Task data:
▽
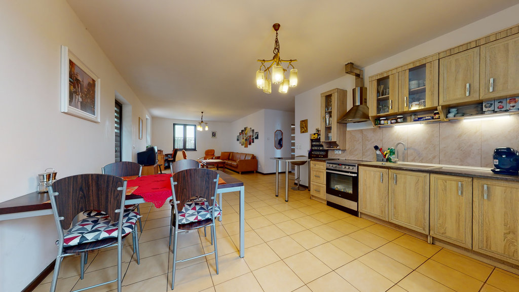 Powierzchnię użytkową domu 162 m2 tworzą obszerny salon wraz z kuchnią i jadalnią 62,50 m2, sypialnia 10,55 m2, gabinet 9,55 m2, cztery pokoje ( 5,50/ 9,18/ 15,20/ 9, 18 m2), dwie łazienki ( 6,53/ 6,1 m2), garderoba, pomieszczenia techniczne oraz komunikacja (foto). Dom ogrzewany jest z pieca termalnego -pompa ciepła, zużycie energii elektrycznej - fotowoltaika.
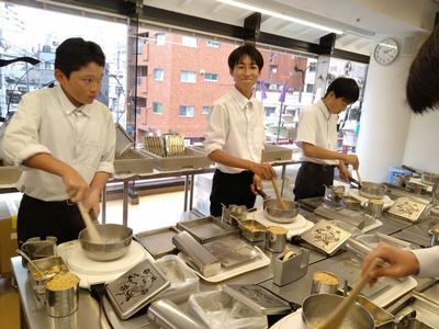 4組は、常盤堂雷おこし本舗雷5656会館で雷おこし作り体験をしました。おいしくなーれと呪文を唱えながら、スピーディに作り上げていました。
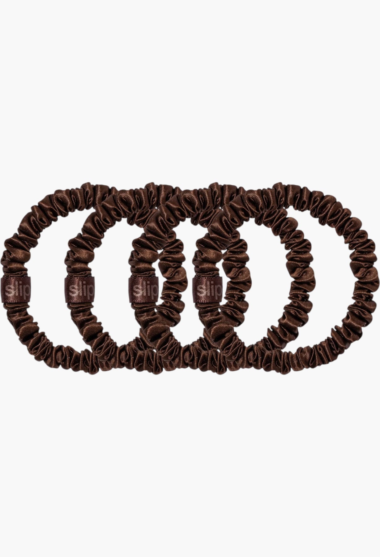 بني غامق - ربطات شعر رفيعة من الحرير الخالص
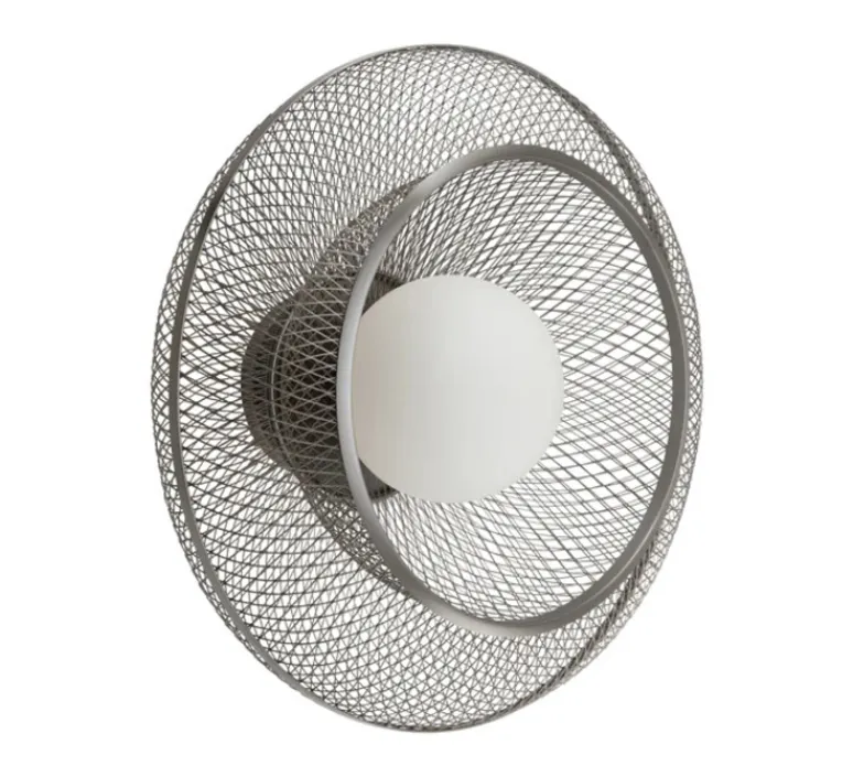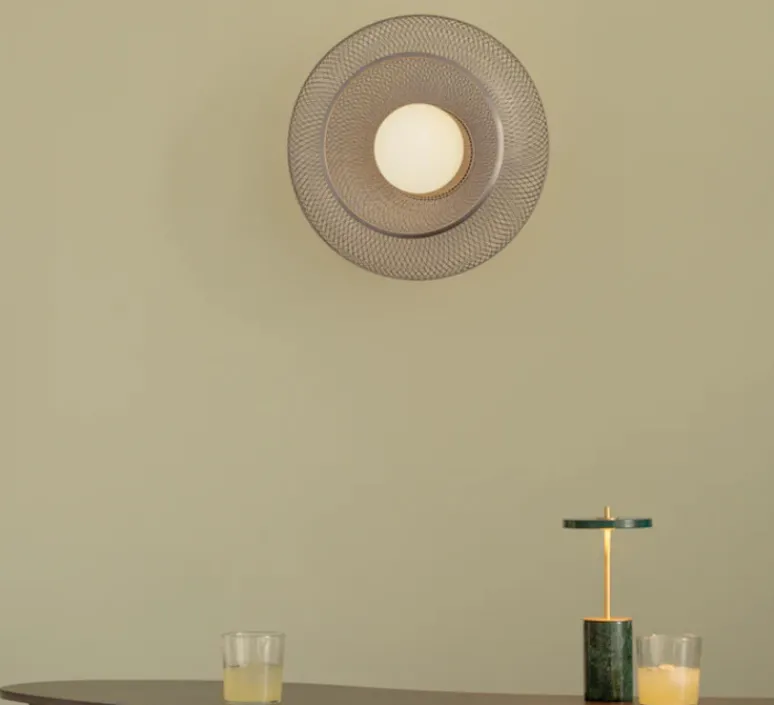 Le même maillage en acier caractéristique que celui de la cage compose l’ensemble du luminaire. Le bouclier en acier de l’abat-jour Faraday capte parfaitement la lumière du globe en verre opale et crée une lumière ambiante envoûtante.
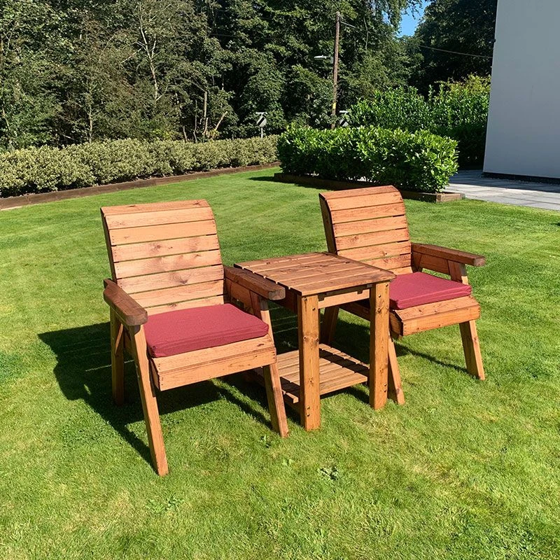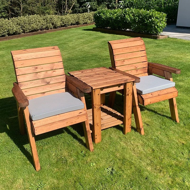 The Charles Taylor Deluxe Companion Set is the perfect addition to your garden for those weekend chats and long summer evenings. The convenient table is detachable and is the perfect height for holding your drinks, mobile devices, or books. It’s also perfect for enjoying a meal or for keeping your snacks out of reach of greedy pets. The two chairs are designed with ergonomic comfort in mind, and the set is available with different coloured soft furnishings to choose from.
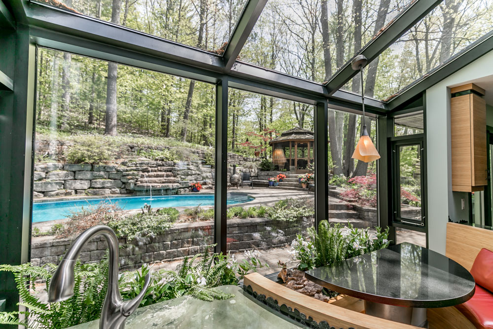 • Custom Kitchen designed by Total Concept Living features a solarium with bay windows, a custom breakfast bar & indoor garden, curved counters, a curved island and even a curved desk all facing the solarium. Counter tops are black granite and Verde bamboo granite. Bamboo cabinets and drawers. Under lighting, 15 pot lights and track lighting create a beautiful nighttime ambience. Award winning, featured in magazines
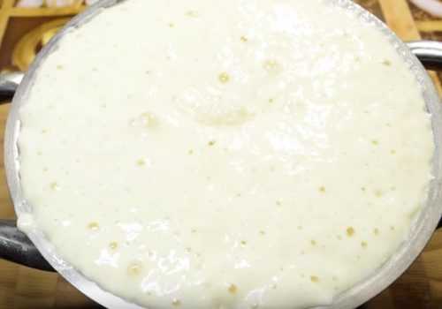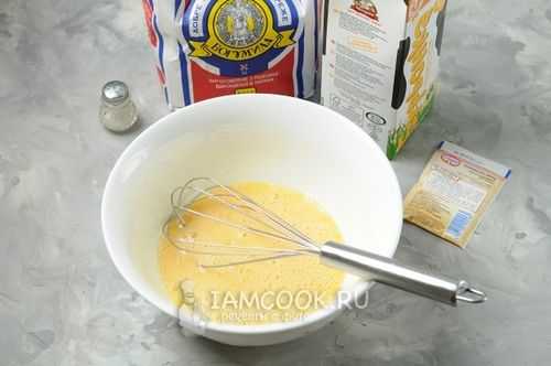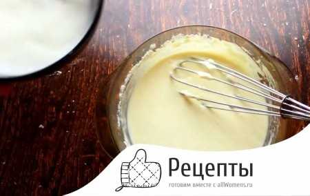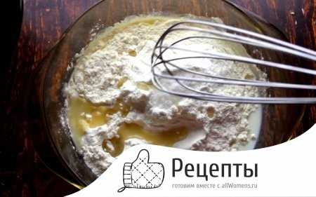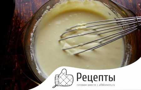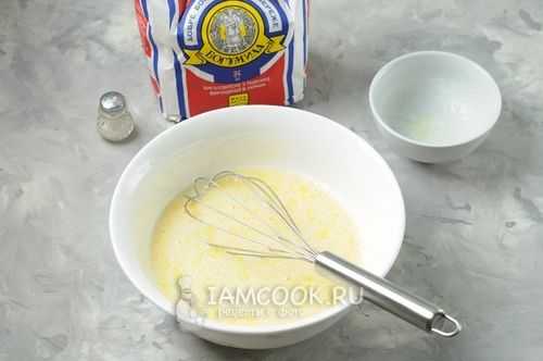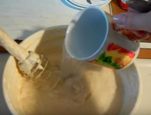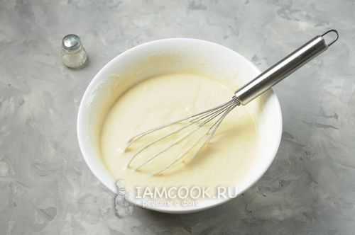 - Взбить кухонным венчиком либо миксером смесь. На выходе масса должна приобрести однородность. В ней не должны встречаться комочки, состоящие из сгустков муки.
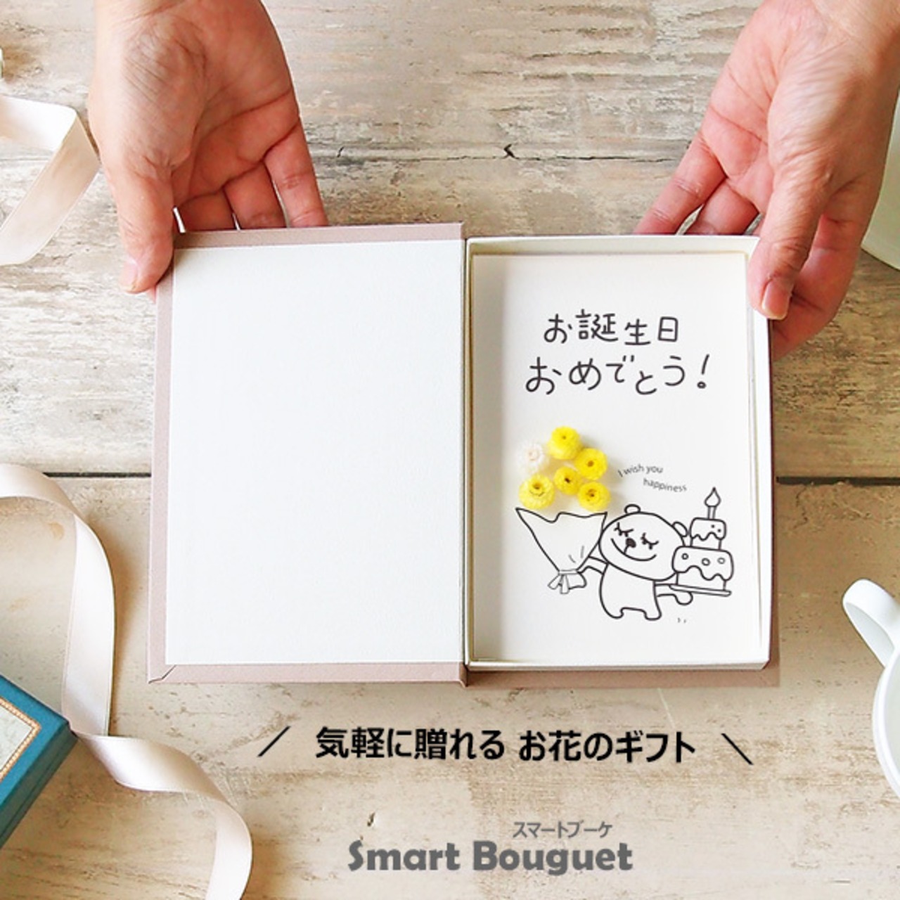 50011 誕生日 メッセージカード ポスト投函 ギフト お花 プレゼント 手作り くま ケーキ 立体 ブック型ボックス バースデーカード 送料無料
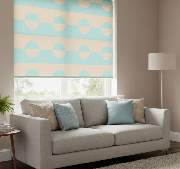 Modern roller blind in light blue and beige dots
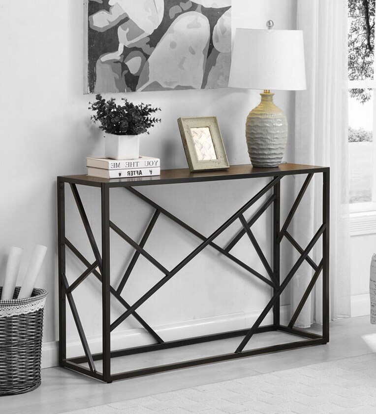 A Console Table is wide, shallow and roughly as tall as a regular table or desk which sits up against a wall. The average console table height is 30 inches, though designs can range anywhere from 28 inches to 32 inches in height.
△
About this task:
Repeat each line word for word, from the one with "Modern roller blind" down to the last line of the data, and keep the pictures out of it.

Answer below:
 Modern roller blind in light blue and beige dots
 A Console Table is wide, shallow and roughly as tall as a regular table or desk which sits up against a wall. The average console table height is 30 inches, though designs can range anywhere from 28 inches to 32 inches in height.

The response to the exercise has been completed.